### ABOUT THIS TASK
Only one stretch of the data should be retyped: the lines from the line containing "分地区来看,2025年10月" through the line containing "Цветы в коробке". Keep pictures out of it.

Data entries:
——————————
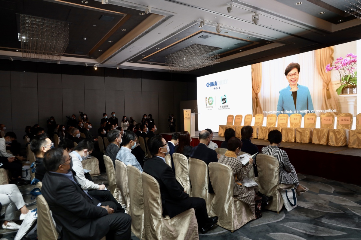香港特别行政区行政长官林郑月娥特别为颁奖活动预录视频贺词,她表示:“由中国日报(香港版)设立的大学新闻奖评选活动今年踏入10周年,在这个重要的里程碑,我对主办机构致以诚挚的祝贺。特别是过去两年,受新冠疫情影响,评选活动面对一些挑战,但在主办机构的努力下,克服了种种的困难,活动能顺利举行,为两岸四地的传媒学生提供了独一无二的互动交流平台,主办机构的努力值得肯定。”
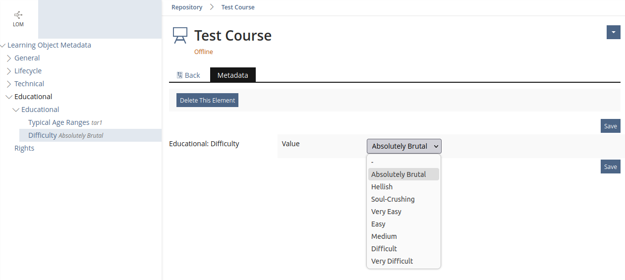 - Administration > Search and Find > Metadata > Copyright & OER > LOM Vocabularies
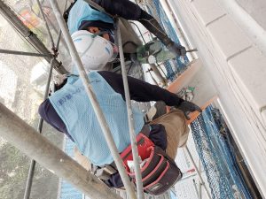 大規模修繕工事を行う際、建物の周りに工事作業をするための足場が設置されます。
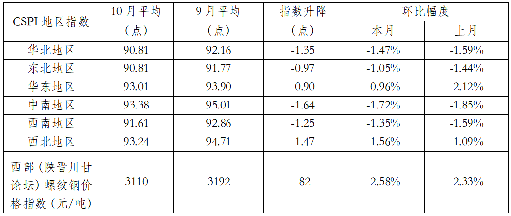 分地区来看,2025年10月份,CSPI全国六大地区钢材价格指数平均值环比均下降。其中,降幅较大的为中南地区,为1.72%,降幅较小的为华东地区,为0.96%。
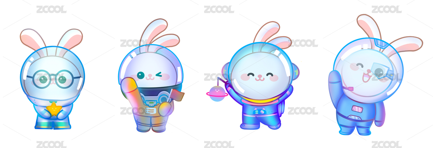 中秋节宇航员卡通兔子戴眼镜提灯笼拿旗子
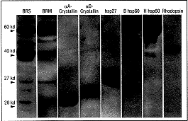 图3 正常眼压性青光眼的Western blot分析结果。每条包含患者血清(稀释,1∶1 000)抗小牛视网膜上清液(BRS)、小牛视网膜膜(BRM)(15μg/条),纯化的αA-和αB-晶体蛋白,热休克蛋白(hsp)27,细菌(B)和人类(H)hsp60,和视紫红质(3μg/条),如图所标。二抗(半抗人IgG)稀释1∶2 000
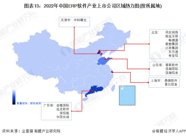 從代表性企業(yè)分布情況來看,北京市的代表性企業(yè)分布數(shù)量最多,有用友網(wǎng)絡、致遠互聯(lián)、暢捷通等ERP軟件企業(yè),還有產(chǎn)業(yè)鏈上游的聯(lián)想、小米、東方通等企業(yè);其次為廣東省,主要有金蝶國際、遠光軟件等ERP軟件企業(yè),以及產(chǎn)業(yè)鏈上游的中國長城、深信服等;山東省有普聯(lián)軟件、浪潮信息;上海市有鼎捷軟件、普元信息等。
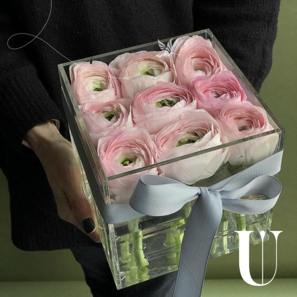 Цветы в коробке "Ранункулусы в кристальной коробке"
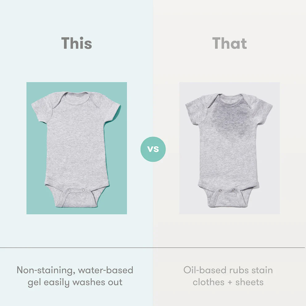 •NO STAINS: Petroleum-free formula easily washes out and won't stain clothes or sheets.
——————————
### TASK RESULT
 分地区来看,2025年10月份,CSPI全国六大地区钢材价格指数平均值环比均下降。其中,降幅较大的为中南地区,为1.72%,降幅较小的为华东地区,为0.96%。
 中秋节宇航员卡通兔子戴眼镜提灯笼拿旗子
 图3 正常眼压性青光眼的Western blot分析结果。每条包含患者血清(稀释,1∶1 000)抗小牛视网膜上清液(BRS)、小牛视网膜膜(BRM)(15μg/条),纯化的αA-和αB-晶体蛋白,热休克蛋白(hsp)27,细菌(B)和人类(H)hsp60,和视紫红质(3μg/条),如图所标。二抗(半抗人IgG)稀释1∶2 000
 從代表性企業(yè)分布情況來看,北京市的代表性企業(yè)分布數(shù)量最多,有用友網(wǎng)絡、致遠互聯(lián)、暢捷通等ERP軟件企業(yè),還有產(chǎn)業(yè)鏈上游的聯(lián)想、小米、東方通等企業(yè);其次為廣東省,主要有金蝶國際、遠光軟件等ERP軟件企業(yè),以及產(chǎn)業(yè)鏈上游的中國長城、深信服等;山東省有普聯(lián)軟件、浪潮信息;上海市有鼎捷軟件、普元信息等。
 Цветы в коробке "Ранункулусы в кристальной коробке"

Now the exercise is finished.